Records excerpted from a collection
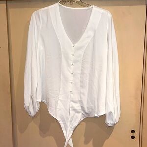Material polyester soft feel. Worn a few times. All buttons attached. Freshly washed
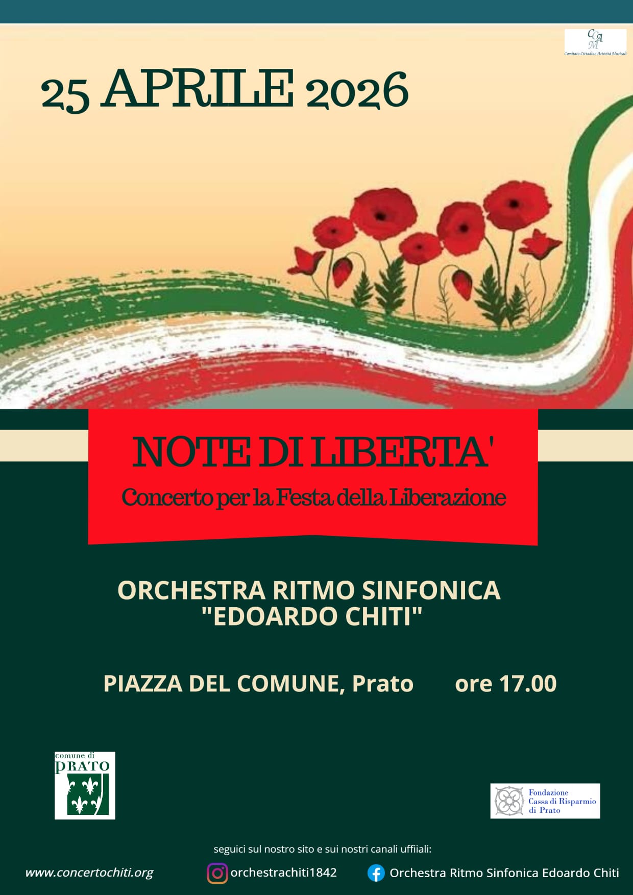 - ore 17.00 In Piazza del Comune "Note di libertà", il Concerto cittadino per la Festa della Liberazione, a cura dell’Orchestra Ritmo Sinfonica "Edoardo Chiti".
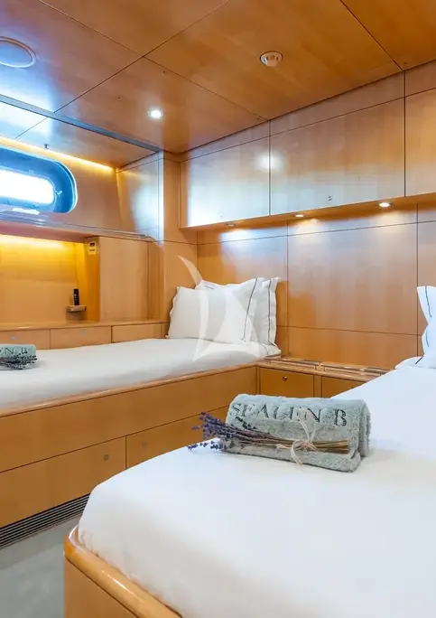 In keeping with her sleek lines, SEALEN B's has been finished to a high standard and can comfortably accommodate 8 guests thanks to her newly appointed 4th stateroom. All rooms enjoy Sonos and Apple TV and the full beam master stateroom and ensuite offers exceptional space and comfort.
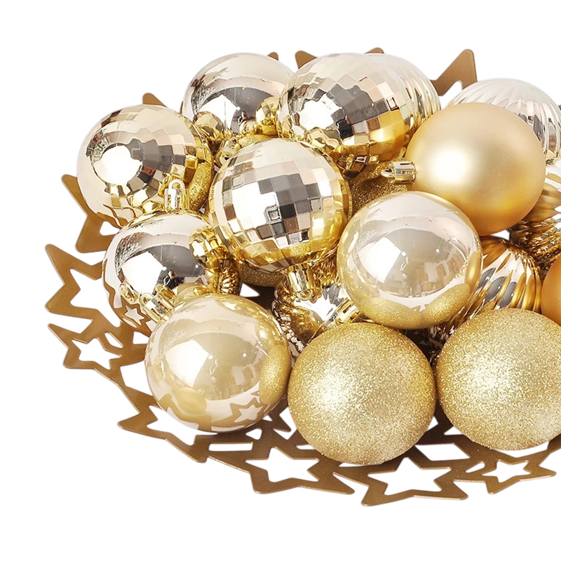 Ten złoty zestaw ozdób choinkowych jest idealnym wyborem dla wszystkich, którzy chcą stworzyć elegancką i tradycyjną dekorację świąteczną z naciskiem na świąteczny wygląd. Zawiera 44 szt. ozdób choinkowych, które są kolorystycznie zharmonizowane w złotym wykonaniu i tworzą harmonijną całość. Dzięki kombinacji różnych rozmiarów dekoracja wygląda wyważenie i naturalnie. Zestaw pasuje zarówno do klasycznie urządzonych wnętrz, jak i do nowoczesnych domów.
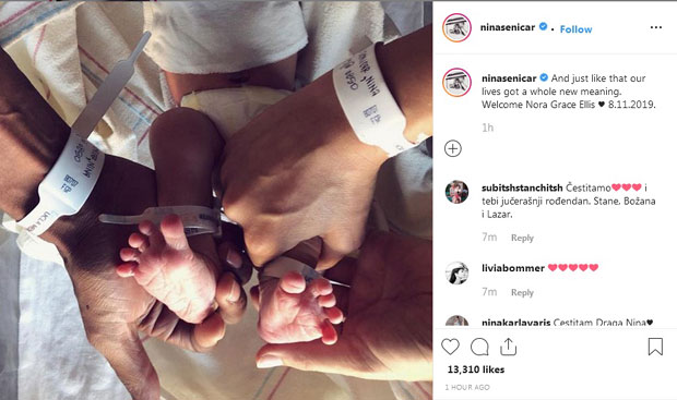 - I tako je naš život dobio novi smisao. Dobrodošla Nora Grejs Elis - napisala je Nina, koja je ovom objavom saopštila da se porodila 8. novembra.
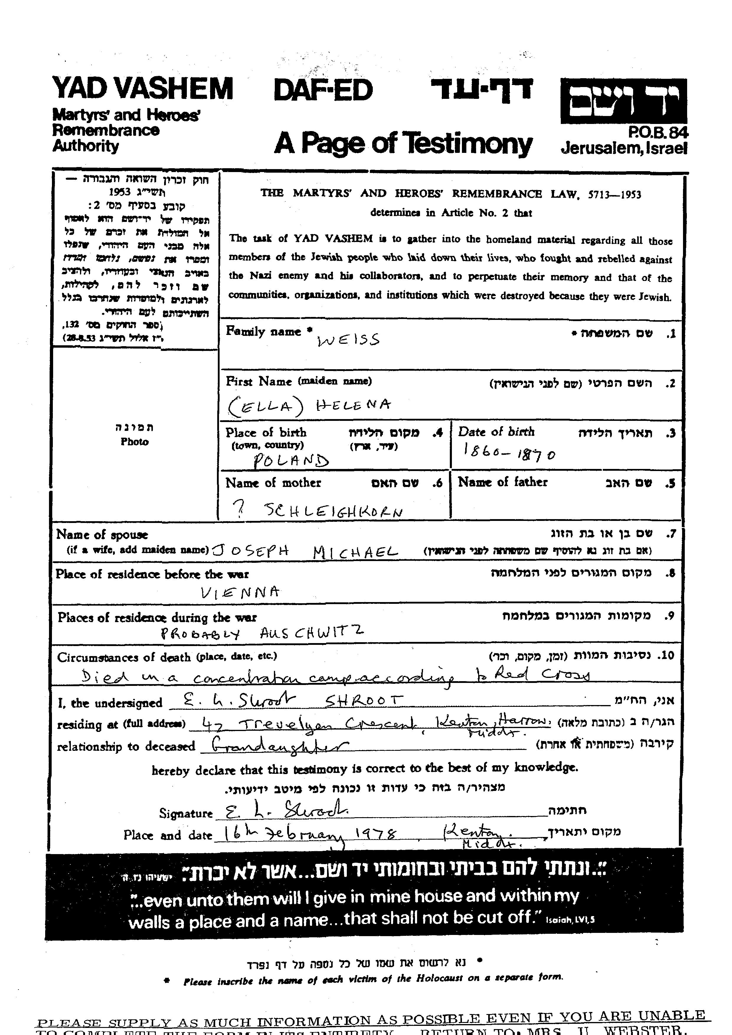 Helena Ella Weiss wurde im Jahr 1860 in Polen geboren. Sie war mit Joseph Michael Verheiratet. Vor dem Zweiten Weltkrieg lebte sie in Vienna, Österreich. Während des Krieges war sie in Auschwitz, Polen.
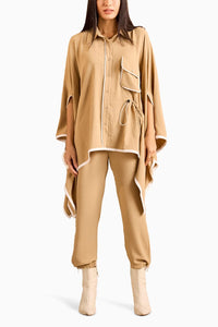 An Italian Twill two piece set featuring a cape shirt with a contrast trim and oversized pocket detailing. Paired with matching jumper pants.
* * *
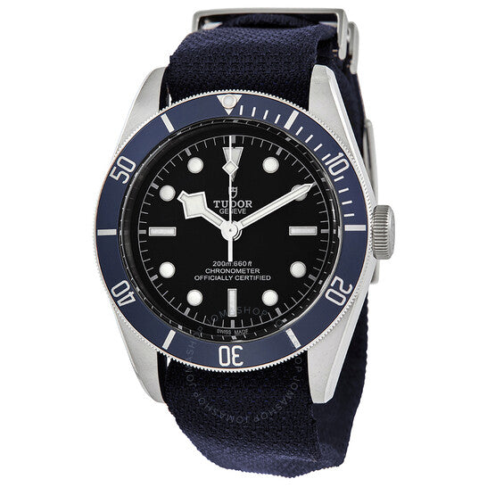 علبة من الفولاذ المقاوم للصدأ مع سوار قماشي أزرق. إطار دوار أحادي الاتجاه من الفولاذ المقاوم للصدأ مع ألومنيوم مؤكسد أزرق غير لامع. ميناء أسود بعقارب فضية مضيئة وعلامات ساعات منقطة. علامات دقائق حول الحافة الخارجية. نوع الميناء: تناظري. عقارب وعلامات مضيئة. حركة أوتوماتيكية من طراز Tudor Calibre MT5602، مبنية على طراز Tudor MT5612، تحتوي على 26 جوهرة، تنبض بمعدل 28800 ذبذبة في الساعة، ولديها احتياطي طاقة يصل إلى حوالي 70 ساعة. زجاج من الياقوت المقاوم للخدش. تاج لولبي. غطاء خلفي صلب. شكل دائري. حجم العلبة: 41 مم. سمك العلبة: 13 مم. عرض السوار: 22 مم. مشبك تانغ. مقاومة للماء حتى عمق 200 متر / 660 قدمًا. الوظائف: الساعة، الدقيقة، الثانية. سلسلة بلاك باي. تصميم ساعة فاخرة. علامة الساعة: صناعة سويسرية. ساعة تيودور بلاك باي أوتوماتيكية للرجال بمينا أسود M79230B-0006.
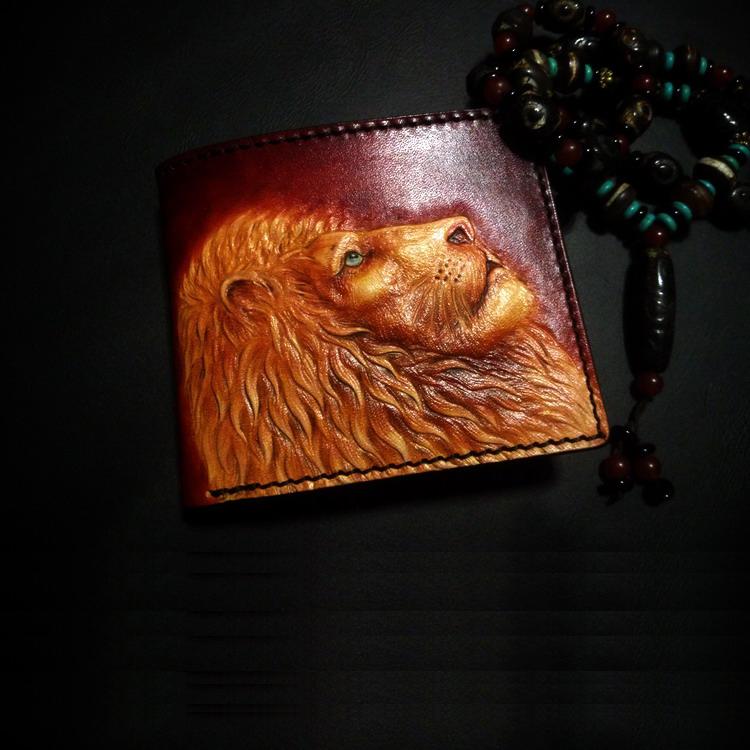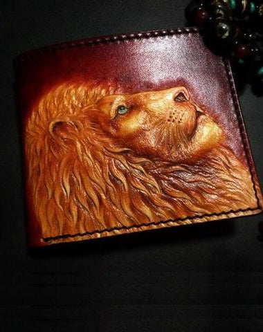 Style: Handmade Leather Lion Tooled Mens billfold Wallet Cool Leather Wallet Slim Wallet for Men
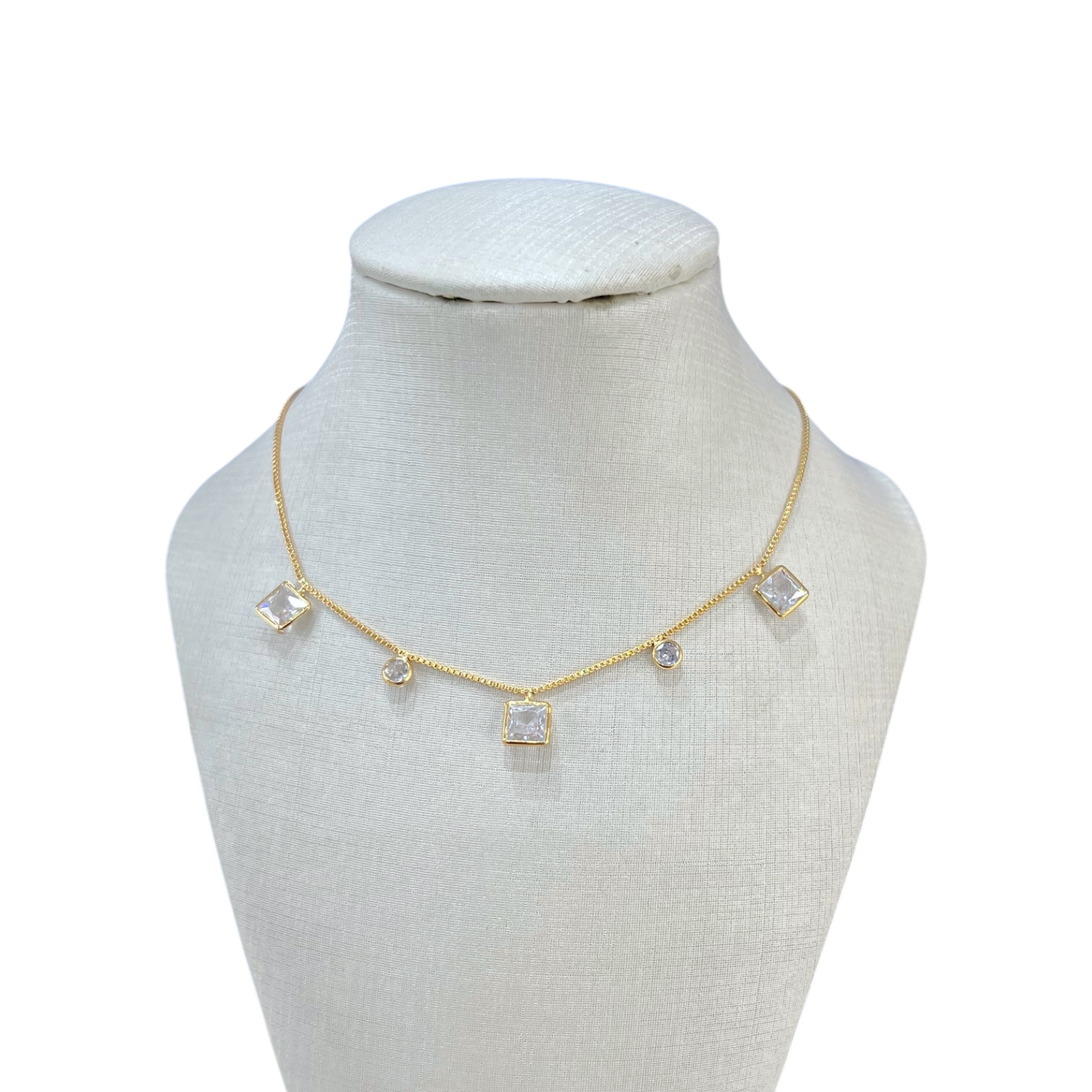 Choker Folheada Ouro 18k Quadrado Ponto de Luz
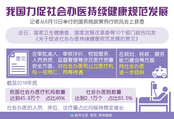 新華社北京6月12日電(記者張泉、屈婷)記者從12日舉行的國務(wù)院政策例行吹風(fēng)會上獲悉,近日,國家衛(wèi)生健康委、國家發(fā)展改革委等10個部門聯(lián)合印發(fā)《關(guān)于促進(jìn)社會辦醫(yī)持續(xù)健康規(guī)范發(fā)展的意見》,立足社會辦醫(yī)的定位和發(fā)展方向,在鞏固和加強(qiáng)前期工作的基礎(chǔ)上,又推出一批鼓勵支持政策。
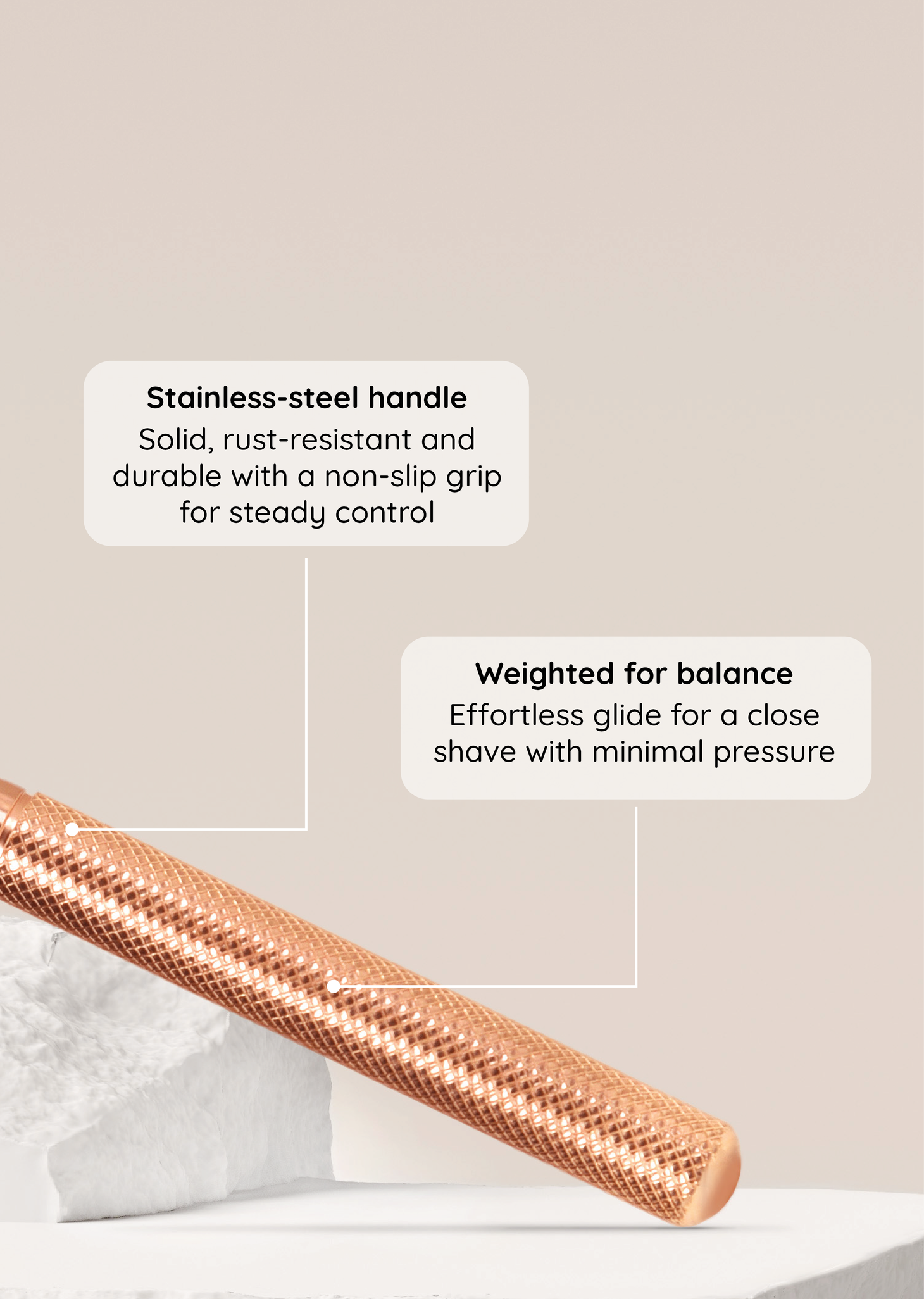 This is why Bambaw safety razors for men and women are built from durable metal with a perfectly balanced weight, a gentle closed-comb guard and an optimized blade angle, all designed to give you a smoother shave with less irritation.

**What to do:**
Skip every picture, and restate word for word only the lines above from the line containing "Style: Handmade Leather" to the line containing "This is why", both of them included.

**Solution:**
 Style: Handmade Leather Lion Tooled Mens billfold Wallet Cool Leather Wallet Slim Wallet for Men
 Choker Folheada Ouro 18k Quadrado Ponto de Luz
 新華社北京6月12日電(記者張泉、屈婷)記者從12日舉行的國務(wù)院政策例行吹風(fēng)會上獲悉,近日,國家衛(wèi)生健康委、國家發(fā)展改革委等10個部門聯(lián)合印發(fā)《關(guān)于促進(jìn)社會辦醫(yī)持續(xù)健康規(guī)范發(fā)展的意見》,立足社會辦醫(yī)的定位和發(fā)展方向,在鞏固和加強(qiáng)前期工作的基礎(chǔ)上,又推出一批鼓勵支持政策。
 This is why Bambaw safety razors for men and women are built from durable metal with a perfectly balanced weight, a gentle closed-comb guard and an optimized blade angle, all designed to give you a smoother shave with less irritation.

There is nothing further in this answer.